Using OTP auth in Apache
From FreeAuth Wiki
Contents |
[edit] One Time Passwords with Apache
TODO: This page and attached code needs to be updated to utilise the FreeAuth method, rather then the old mOTP method.
See OTP Implementation for further details.
[edit] Installing the apache module
Go here and grab the latest for the version of apache you are running.
wget http://www.unixpapa.com/software/mod_auth_external-x.y.z.tar.gz
tar xzvf mod_auth_external-x.y.z.tar.gz
In debian based systems you need to make sure apache-dev (or apache2-dev) is installed.
apt-get install apache-dev
Then:
apxs -c mod_auth_external.c
apxs -i -a mod_auth_external.so
This will build and install the module, and add the load line to httpd.conf.
[edit] Apache Configuration
The usual ways to provide http authentication apply, you can configure .htaccess or in the main apache configuration, I'll only deal with the latter in this document.
In /etc/apache/httpd.conf below any module load lines put something like the following:
AddExternalAuth archive_auth /usr/bin/MOTP.php
SetExternalAuthMethod archive_auth pipe
<Directory /path/to/files/to/protect>
AuthName "phpMyAdmin"
AuthType Basic
AuthExternal archive_auth
require valid-user
Satisfy all
</Directory>
[edit] House keeping
You will also need to make some directories to store cookies and login attempts.

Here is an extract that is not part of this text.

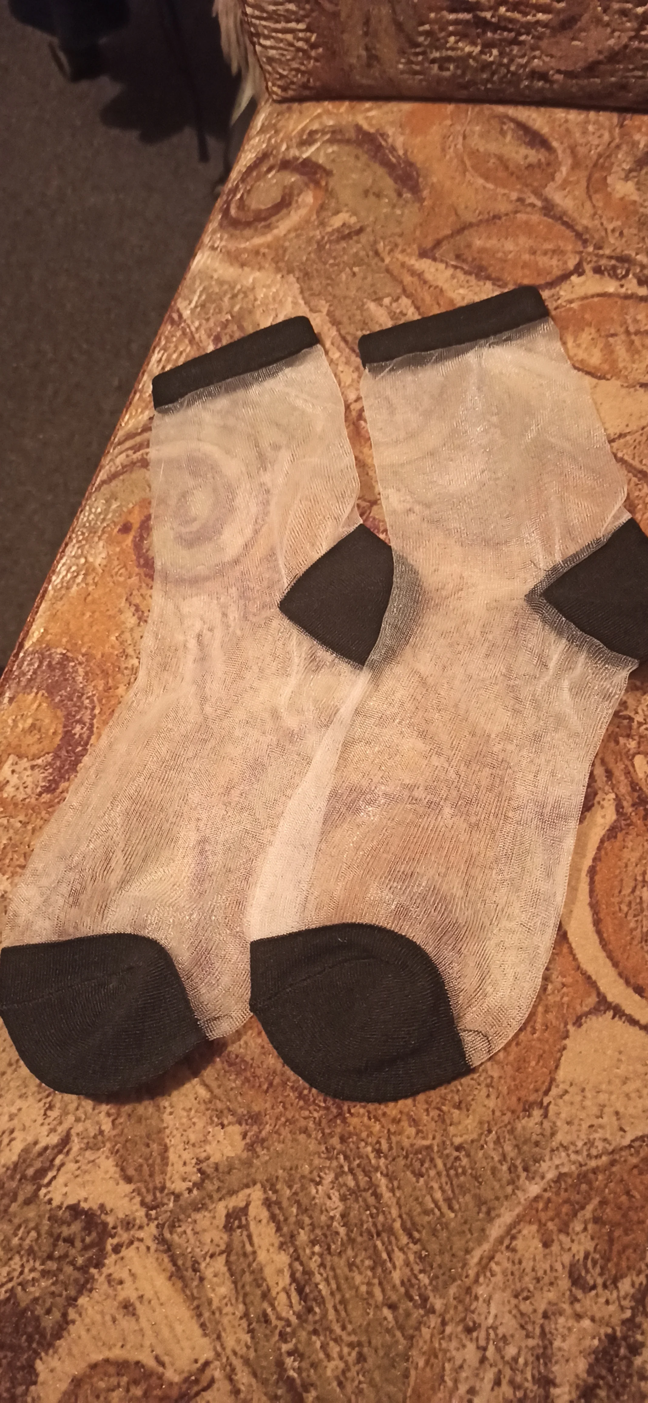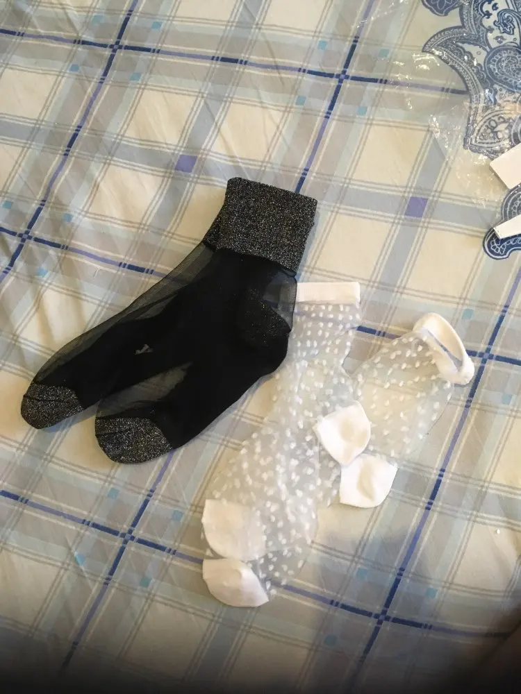 Замечательные носочки. Непрозрачные части хлопковые, хорошо сидят на ноге. У меня 36 размер ноги- как раз.

mkdir -p /var/motp/cookies
mkdir -p /var/motp/cache
mkdir -p /var/motp/users
You also need to download a copy of the OTP script...
http://www.freeauth.org/images/MOTP.txt
I saved it as /usr/bin/MOTP.php, you also need to make it executable:
chmod 755 /usr/bin/MOTP.php
and that's pretty much it, make sure you restart apache etc.